Friday, May 22, 2009

Comings and goings in the middle of the night

I’m in a flurry of emails with Central Asia IPM Project members on the last day in the office before we depart. I’ll be speaking on communications and IPM so I’m putting the finishing touches on a PowerPoint presentation. Frank Zalom, an entomologist at UC Davis has emailed that he’d like to discuss work applications for Twitter with me when there are a few free moments during travel. George Bird, a nematologist here at Michigan State University checks in about featuring the organic agriculture and sustainable agriculture aspects of the project in this blog.

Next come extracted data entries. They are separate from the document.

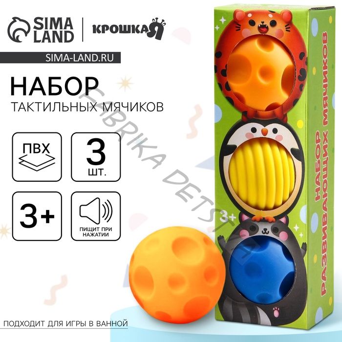 Развивающие тактильные мячики Крошка Я «Малыши-кругляши», с пищалкой, в наборе 3 шт.
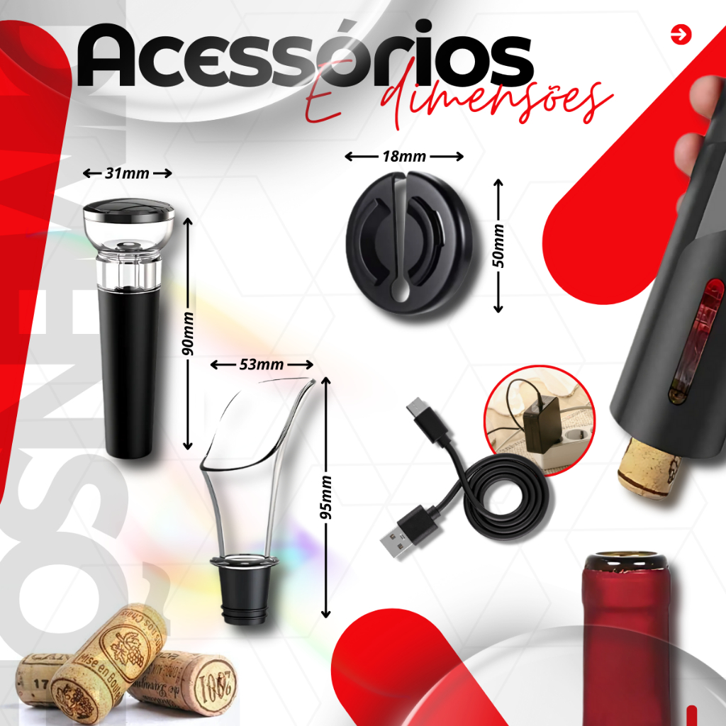 Abridor De Vinho Elétrico Saca Rolhas USB Recarregável Automático Kit 4 Peças Premium
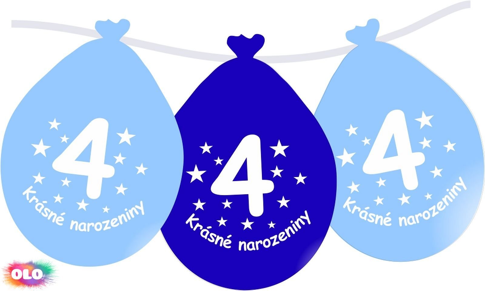 Balónek modrý KRÁSNÉ NAROZENINY číslo 4 visící- 5 ks
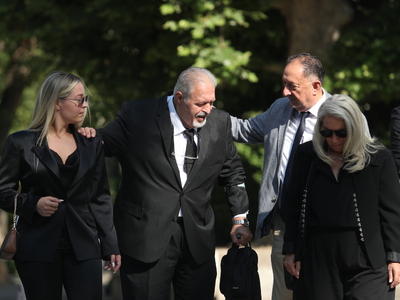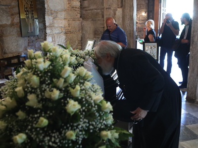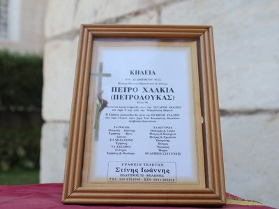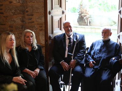 Η οικογένεια του Πετρολούκα Χαλκιά έδωσε το «παρών» στην εκκλησία για να τιμήσει τον δεξιοτέχνη του κλαρίνου, ανάμεσά τους και ο γιος του Γιάννης, ο οποίος βρέθηκε με πατερίτσα στον χώρο.
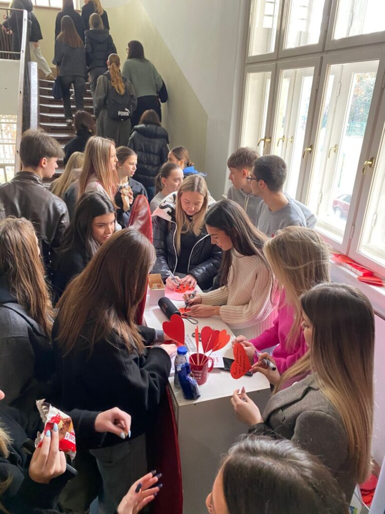 Proslavili smo Valentinovo i ove godine s velikim srcem! Izradili smo i prodali brojna srčeka pa su ljubavne i prijateljske poruke putovale našim učionicama, a sav sakupljeni iznos, kao i svake godine, darovali smo udruzi “Veliko srce malom srcu”. Uz ljubavnu poruku, tako dolazi i radost zbog učinjenog dobrog djela. Srca ispunjena – i velika i mala!
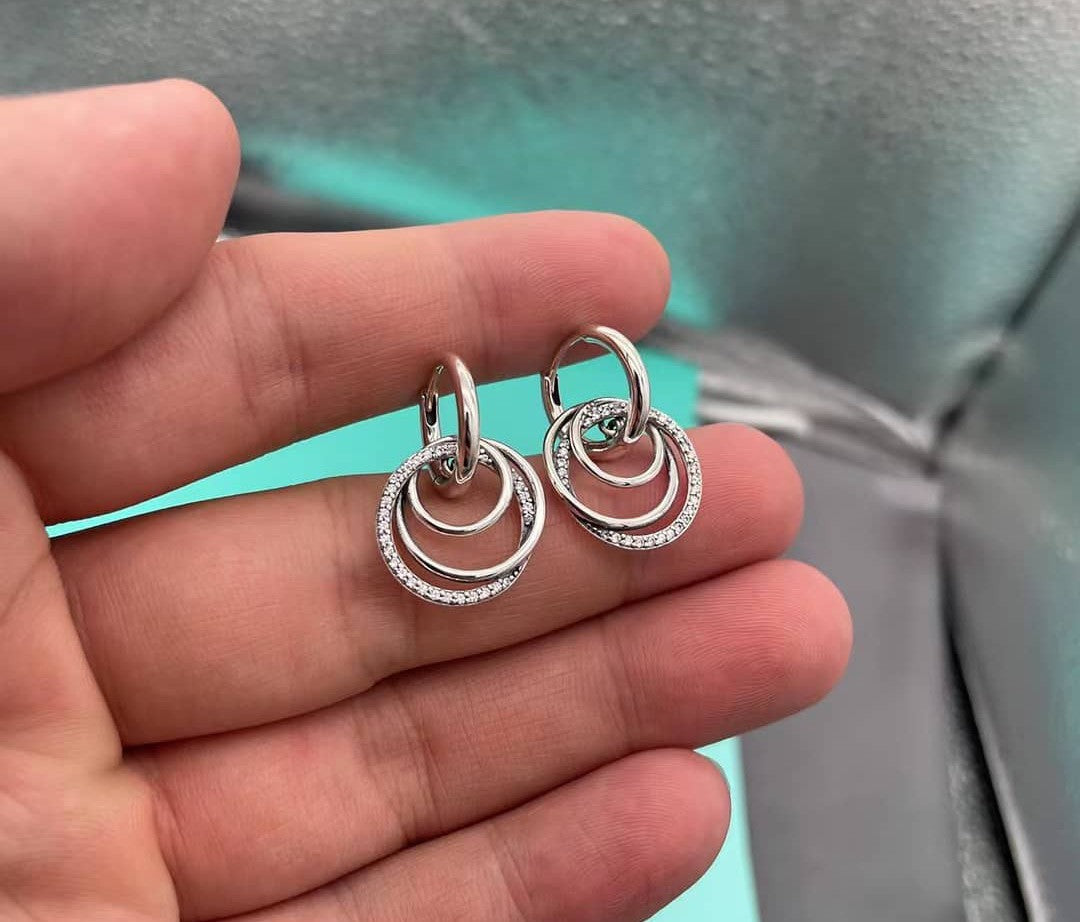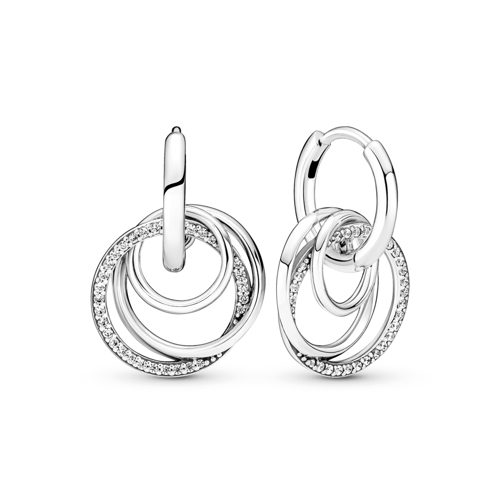 Símbolo dos vínculos inquebráveis, cada um dos brincos de argola circundados Família para sempre ostenta três círculos entrelaçados em uma argola: duas polidas em prata de lei e uma decorada com uma fileira de pavé de zircônias cúbicas transparentes. A harmonia dos vários formatos simboliza como as famílias ficam juntas apesar das diferenças.
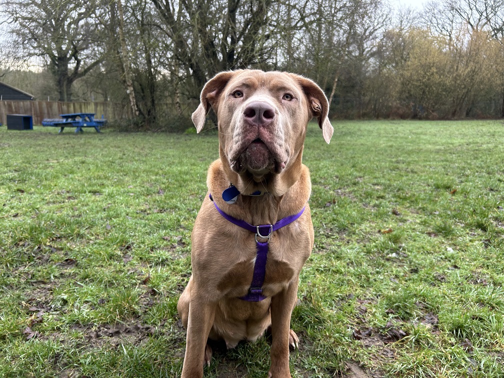 Betty is a larger lady who despite her size, is still a juvenile dog in terms of her behaviours. She loves people and does like to play with other dogs, but can vocal in her play and too much for some dogs. This lovely girl will benefit from owners who understand the mastiff breed and their breed traits and who can physically manage a larger dog and the socialising that comes with them. Betty loves her food, which is helpful for her training! She can understandably be uncomfortable around people if they touch her or interact her while she is eating, so her new owners will need to be sympathetic and savvy to this, ensuring she has designated quiet areas for meal times or if she has a chew.
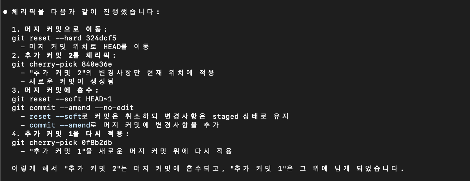 ✅ 2) 추가 커밋2 를 머지 커밋에 합치고 싶을 때

The airlines keep tweaking the schedules by a few minutes so I need to recheck emails with the itinerary. MSU’s Dieudonne Baributsa oversees many of the logistics for the travel. When he first gave me a proposed travel itinerary, I was surprised that he had us on a flight arriving in Aleppo, Syria at 2:00 in the morning! Pity the Syrian host meeting us -- we will be too jetlagged to know the time. Dieudonne explained that it is common for several flights of travelers to collect throughout the day in a city like Istanbul, Turkey (one of our stops), and then after midnight, flights depart on less traveled routes to places like Aleppo and Bishkek, Kyrgyzstan. When it is time for us to return to the USA, we will experience the reverse schedule – flights will leave extremely early in the morning, collect larger numbers of travelers in Istanbul and then depart during the day for the USA. My travel path will be Detroit – (1)Amsterdam – (2)Istanbul – (3)Aleppo. Then several days later, Aleppo – Istanbul – (4)Bishkek, Kyrgyzstan. Some of the layovers in Istanbul are long (10-12 hours) – exhausting, but a chance to get a quick look around Istanbul.